Ghana’s “argumentative tradition” is more literal; in Ghana, everything is debatable!

On 6th November 2021, I appeared on Citi TV’s Big Issues program, where the topic of discussion was Ghana’s “digitalization agenda”, championed by the country’s Vice President, a subject I subsequently wrote about here. In the studio was the Executive Secretary of the Vice President, who also doubles as a Chief in both the Sefwi and Mamprusi areas of Ghana.

A lively debate ensued about a flurry of PR statements from the Vice Presidency touting the national ID card (the “Ghana Card”) as a “e-Passport” due to Ghana’s decision to join the ICAO PKD Network. During the discussion, it became apparent that unnecessary confusion was being created about how the development was a benefit conferred on Ghana because of the Ghana Card, seeing as that misconception is completely untrue. The Ghana Card has no role to play. It is not the card that has been “recognised” but Ghana’s “public key”, which the lay reader can think of as a “highly secure electronic signature”. That key can be embedded in any ID document at all. After the show, I wrote my article and considered the matter closed.

Until I woke up a few days ago to an official Ghana News Agency report splashed across Ghana’s media networks that ICAO has “recognized the Ghana Card as an e-Passport”. The subsequent rebuttal of this bizarre and incoherent claim by ICAO itself did nothing to quieten the controversy. Debate continues on social media even now, with government affiliates still pushing the narrative of the “Ghana Card having become an e-Passport” and opposition activists having a field day with the ICAO statement.

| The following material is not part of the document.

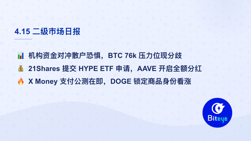 Der Kryptowährungsmarkt befindet sich derzeit in einer Phase der Erholung nach der Bereinigung geopolitischer Risiken. Obwohl Institutionen weiterhin über ETFs Kapital ansammeln, bleibt die Stimmung der Privatanleger extrem ängstlich. Der Derivatemarkt zeigt große Meinungsverschiedenheiten zwischen Bullen und Bären, und bei einigen Altcoins besteht das Risiko einer Korrektur aufgrund von überfüllten Long-Positionen. Bitcoin (BTC) befindet sich im kritischen Bereich von 74.000 - 76.000 US-Dollar und ist insgesamt in einer Phase des "volumenarmen Bodens". Die Meinungen über die zukünftige Entwicklung sind stark geteilt, es wird geraten, sich vor dem öffentlichen Test von X-Zahlungen und dem Start der CME-Futures im Mai zurückhaltend zu verhalten und die kurzfristigen Renditeerwartungen zu senken.

But what makes this a uniquely Ghanaian contrived controversy?

Because, first of all, no country in Africa that has joined the ICAO PKD network has succeeded in transforming it into a high-stakes, high-octane, political jamboree. See the list below.

List of African PKD Participants

Nigeria has been a member of the PKD network for more than a decade, but I don’t recall seeing a single episode of government-opposition tussle over what this means. In each of the African countries that have chosen to publish their public keys in the ICAO directory and comply with the smart chip standards that make verification of the public key possible by the other 79 countries that are part of the process, the whole endeavour has been treated as an obscure technical development.

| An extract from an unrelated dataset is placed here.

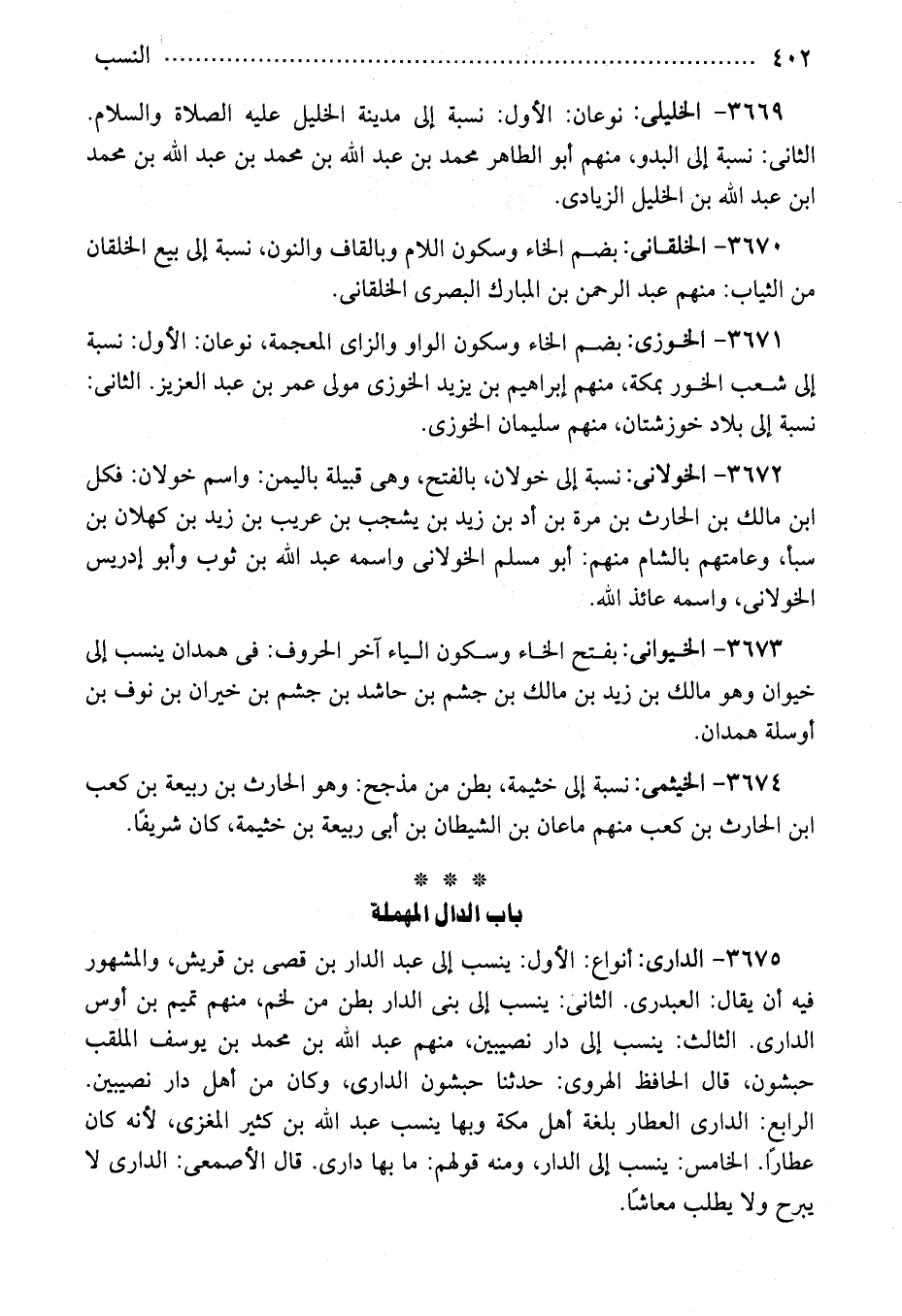 3669 - الخليلى: نوعان: الأول: نسبة إلى مدينة الخليل عليه الصلاة والسلام. الثانى: نسبة إلى البدو، منهم أبو الطاهر محمد بن عبد الله بن محمد بن عبد الله بن محمد ابن عبد الله بن الخليل الزيادى.

Joining the ICAO PKD simply means that other countries in the network can confirm that the “electronic signature” on documents issued by a joining government are genuine. This process itself has got nothing to do with e-Passport functionalities per se, which are about encoding the principal information of the traveler (including biometrics) in electronic format and the acceptance of the document in which the electronic information is embedded. India has been a participant of the PKD since 2009 but it is only now about to add e-Passport functionality to all its passports (some Indian officials have had e-Passports since 2008).

Uganda has been part of the PKD for nearly three years now but is only now about to transition from machine-readable biometric passports to a full e-passport. Indeed, Ghana initiated that process in 2014 but could not conclude the contracting to complete. Of course, Ghana had not joined the ICAO PKD when it was contemplating this transition in 2014 but one does not need to be part of the ICAO PKD to issue e-Passports.

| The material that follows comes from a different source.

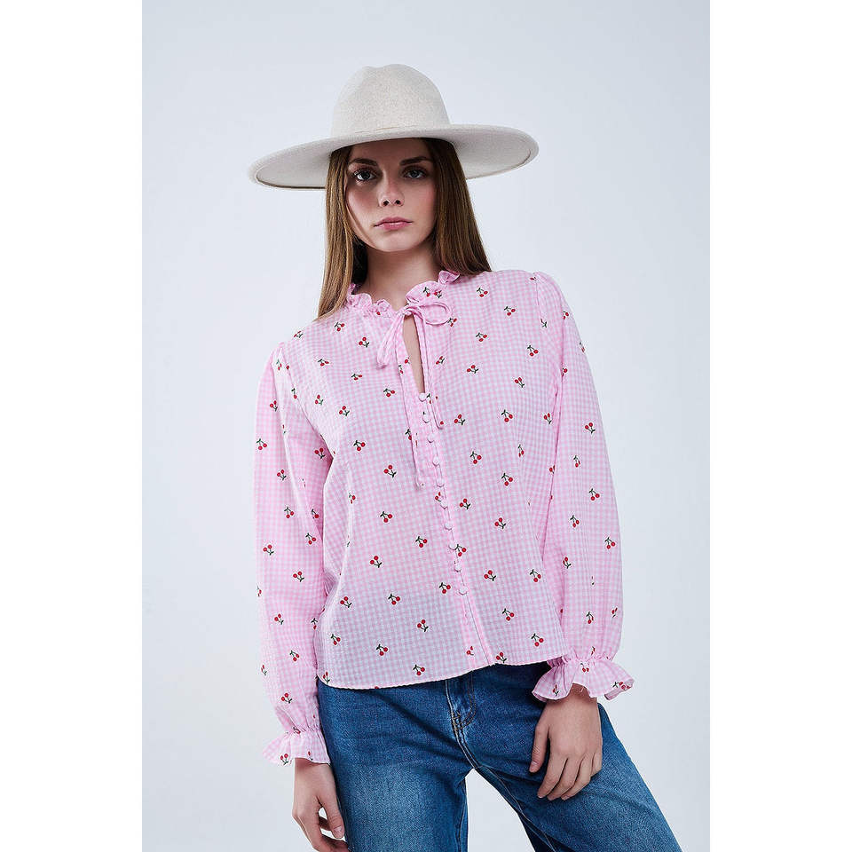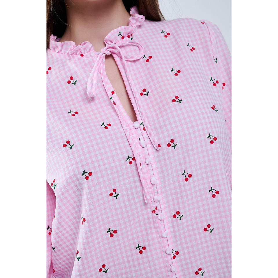 Pink Check Print Long Sleeve Relaxed Fit Romantic Style Blouse with Cherry Details and Tied Bow

In fact, there are countries like South Africa and Kenya with advanced digital travel identity systems in Africa that are not yet participants in the PKD system. Some countries like Taiwan that have migrated from machine-readable to the e-Passport model cannot directly participate in the ICAO process because of geopolitics, even though Hong Kong and Macao, autonomous regions of China are both participants.

So, this is a very simple matter. In the past, passports could only be read visually. The border agent/immigration officer would process the traveler’s entry by typing their details into host/receiving country’s system. The world eventually moved on to the use of machine readable passports whereby the immigration officer just scanned the passport and the computer automatically extracted the information.

In 1998, Malaysia pioneered the use of biometric passports, the next step in the evolution. The biometric signature of the passport holder was transformed into a format that could be read by scanners at many immigration counters around the world. For this to be possible, an 8 kilobyte integrated circuit card (or “chip”) was embedded in the passport to hold the traveler’s biometric data.

The problem was that, for full security, it was important for this biometric data to be encrypted else a criminal could cut their own chip and embed false data. But encrypting the data also meant that some method had to be found for the destination country’s immigration officers to decrypt and read the data on the card. This is where the ICAO PKD came in handy.

In 2004, ICAO published a specification of how all countries should store and secure information in the passport on the chip, and Belgium became the first to comply, and one of the most enthusiastic upgraders in the world. In 2007, ICAO also established a secure channel, the PKD, through which countries can decrypt the secure information in the e-Passport chip.

Source: Kumar & Srinivasan (2012)

Note that all this while we have been talking about the passport that everyone is familiar with, that same precious booklet that for some is the symbol of true freedom. We have not talked about smartcards. In fact, there is no expectation that a country will use a smartcard for any of this stuff. A “e-passport” is a functionality not a device.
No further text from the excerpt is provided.